Each god starts out with a single human, dumped into the middle of the wilderness. Sometimes there is inhabitable land in sight, sometimes not. To get a chance to win, you must change the landscape, creating flat land for your followers to build on. The more followers you have, the more powerful you will be, so take care of them. Build as fast as you can, because the other god is doing the same.
When you have enough followers, you can make the leader of your people into a hero. He will then go around the land you have built, literally taking strength from the people into himself, and working his way toward the enemy. When he gets there, he will engage in holy warfare upon your enemy's people. He will burn; he will kill. And he won't stop until they're all dead... or he is.

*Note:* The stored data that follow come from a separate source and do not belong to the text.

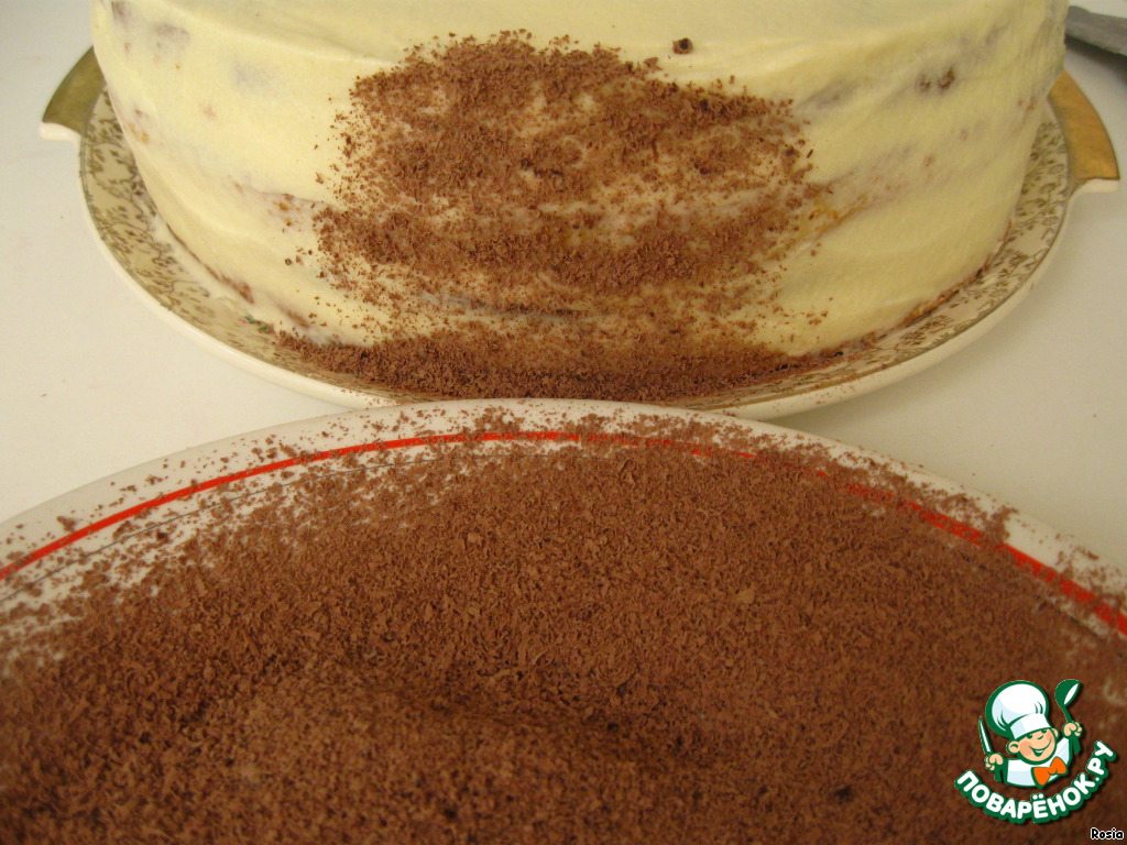 Посыпаем тертым шоколадом бока и 3 см. сверху от края.
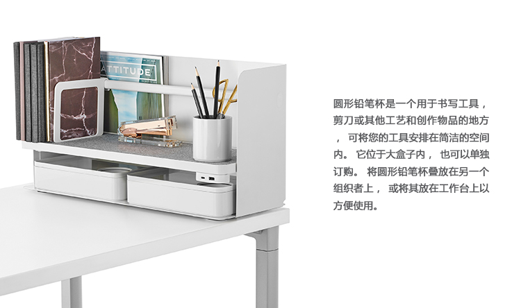圆形铅笔杯是一个用于书写工具,剪刀或其他工艺和创作物品的地方,可将您的工具安排在简洁的空间内。 它位于大盒子内,也可以单独订购。 将圆形铅笔杯叠放在另一个组织者上,或将其放在工作台上以方便使用。
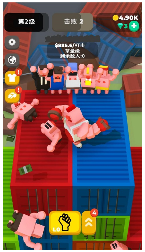 2、打败关主以进入新的量级。别放弃,进化成为一位专业拳击手吧。学习新的技能并妥善运用。使用铁拳重击对手和隐身技能以及许多其他功能都在这个有趣的放置型拳击大亨游戏中;

But you don't have to let your people have all the fun; the gods have other tools as well. You can drown your enemies one at a time with your land lowering powers, submerge their towns in swamps, or raise a volcano in the middle of their best farmland. Even better, you can flood the land and drain all the people who didn't build on high ground.
And when you win, you'll have 500 more worlds to conquer. A god's play is just never done.

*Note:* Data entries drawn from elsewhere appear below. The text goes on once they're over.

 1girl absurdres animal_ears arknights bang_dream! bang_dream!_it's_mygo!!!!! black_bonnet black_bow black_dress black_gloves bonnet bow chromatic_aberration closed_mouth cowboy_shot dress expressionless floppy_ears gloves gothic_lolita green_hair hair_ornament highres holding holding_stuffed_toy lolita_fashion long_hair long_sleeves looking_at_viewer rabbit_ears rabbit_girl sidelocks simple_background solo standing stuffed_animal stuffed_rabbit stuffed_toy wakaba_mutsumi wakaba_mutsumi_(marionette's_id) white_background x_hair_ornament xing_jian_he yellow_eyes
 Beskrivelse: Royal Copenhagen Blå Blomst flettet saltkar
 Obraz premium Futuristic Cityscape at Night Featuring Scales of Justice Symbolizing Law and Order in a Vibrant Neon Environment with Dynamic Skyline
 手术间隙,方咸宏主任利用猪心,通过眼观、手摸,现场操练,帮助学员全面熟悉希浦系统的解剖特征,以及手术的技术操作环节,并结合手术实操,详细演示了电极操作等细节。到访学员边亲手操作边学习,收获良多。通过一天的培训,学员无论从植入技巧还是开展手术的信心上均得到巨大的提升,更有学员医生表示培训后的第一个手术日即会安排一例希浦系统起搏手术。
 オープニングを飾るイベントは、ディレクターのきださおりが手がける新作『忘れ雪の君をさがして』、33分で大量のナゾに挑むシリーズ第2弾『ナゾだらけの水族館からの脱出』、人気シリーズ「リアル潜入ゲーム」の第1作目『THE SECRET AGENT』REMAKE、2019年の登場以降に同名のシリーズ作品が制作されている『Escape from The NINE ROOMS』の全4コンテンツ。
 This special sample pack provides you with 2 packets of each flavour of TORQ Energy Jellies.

Populous II: Trials of the Olympian Gods is a great sequel to one of the most unique computer games ever made. Every aspect of the game was improved and various features added to make it a deeper game. In contrast to some unnamed god you play in the original Populous, in the sequel you actually are a god -- the son or daughter of Zeus, no less. Your task is to win a place for yourself in the pantheon by getting your worshippers to take on and beat the followers of the other gods. All in a day's work.

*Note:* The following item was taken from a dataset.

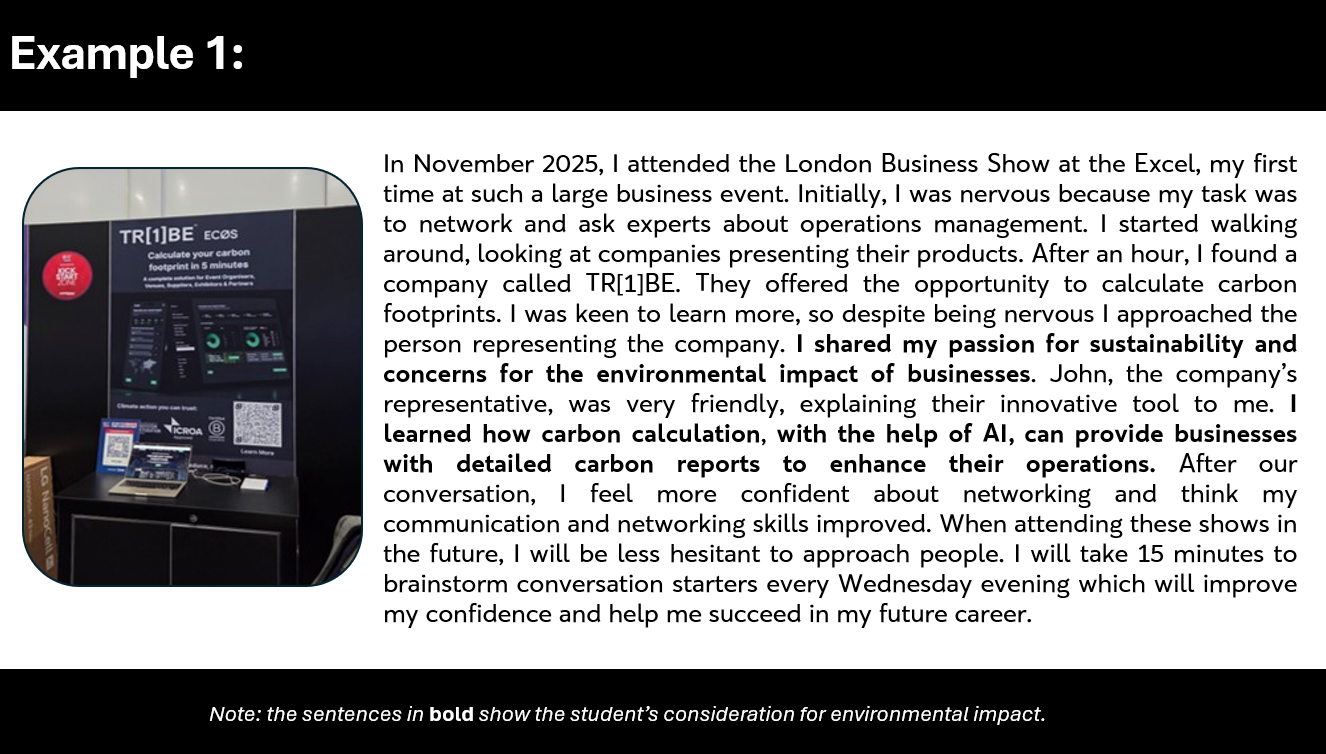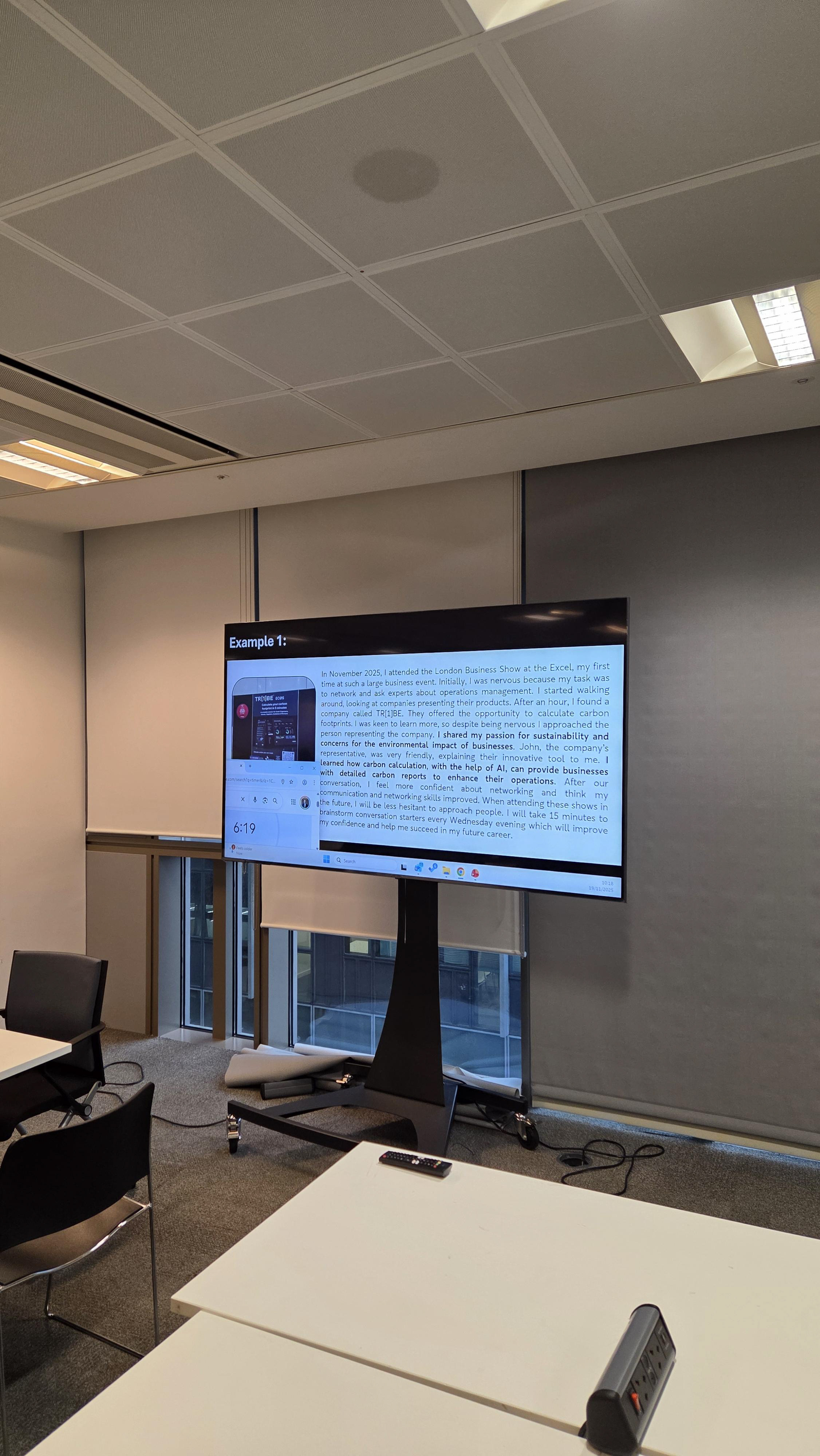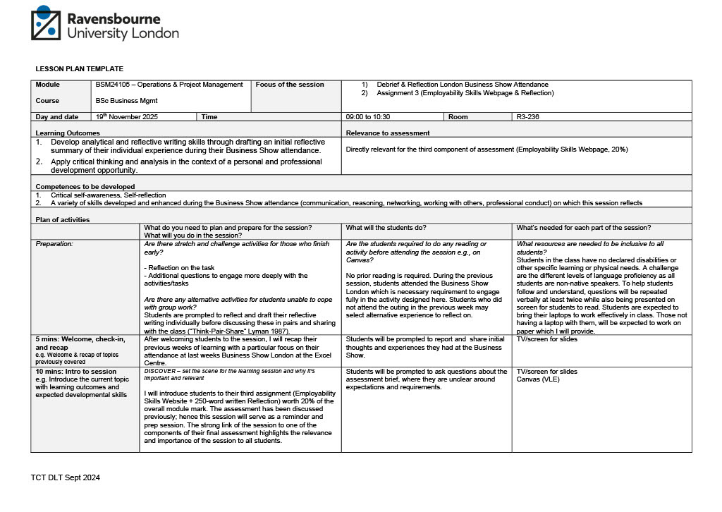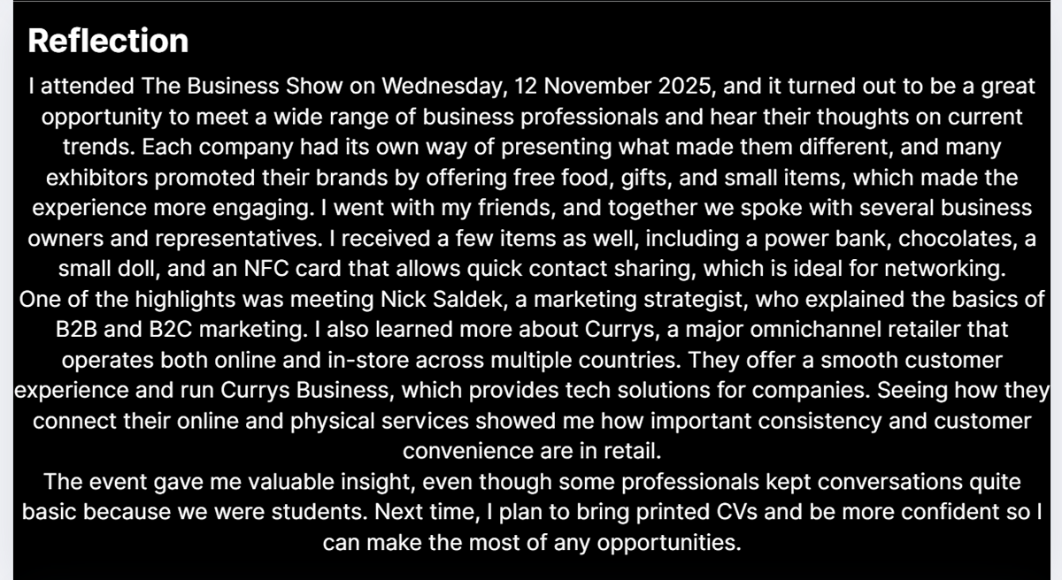The students are an international cohort in Year 1, 2nd semester of the BSc Business Management. The designed learning activity (90 minutes) was part of a longer 4-hour session held in Week 9, on the module "Operations and Project Management". The session focussed on employability skills and self-reflection following the students' attendance at the London Business Show 2025 at the Excel Centre on the 12th of November.

That Populous II isn't just a prettier Populous is obvious from the start: different points can be allocated to different elements to make your character more or less powerful in that area. For example, if you want your god to be a fire god (handy when fighting Neptune), you can give him/her more points in "fire" element. You will then get powerful fire effects (e.g. meteor shower and volcano) to wreck havoc on your opponents' followers much quicker than effects in other elements.
As in the first game, you must use supernatural powers to help your followers defeat the enemies. Your powers, as in Populous are what makes the game a lot of fun: in addition to old favorites such as tidal waves and volcano, there are many more creative ones such as baptismal fonts which turn enemy people into your followers (on the downside, these converts can change back into the enemies when they fall into it the second time!) The bigger the effect, the more mana you must have. Mana comes from your followers: the more followers you have, the more mana they give you. If you have enough mana, you can also summon famous Greek heroes such as Perseus and Theseus to help rally the people--- and burn down enemy houses in a hurry.
The great fun in Populous II is the little tricks you will learn as you play. If the enemy is on a holy pilgrimage, for example, rather than trying to kill them directly you can plant a swamp in their way and watch them march to their deaths. You can plant trees all throughout the enemy land and then throw a match to it and watch an entire enemy city burn in one giant conflagration. Planning, timing, and dexterity are all required for success, as well as quick anticipation of your enemy's strategy. Each of your opponent is introduced before the battle begins, and they do follow their legendary traits (e.g. if you fight Neptune, expect to see a lot of water effects). To round off this gem, there are random maps, multiplayer options, and practice mode where you can learn the game's mechanics. Even today, you won't likely find a better god game anywhere.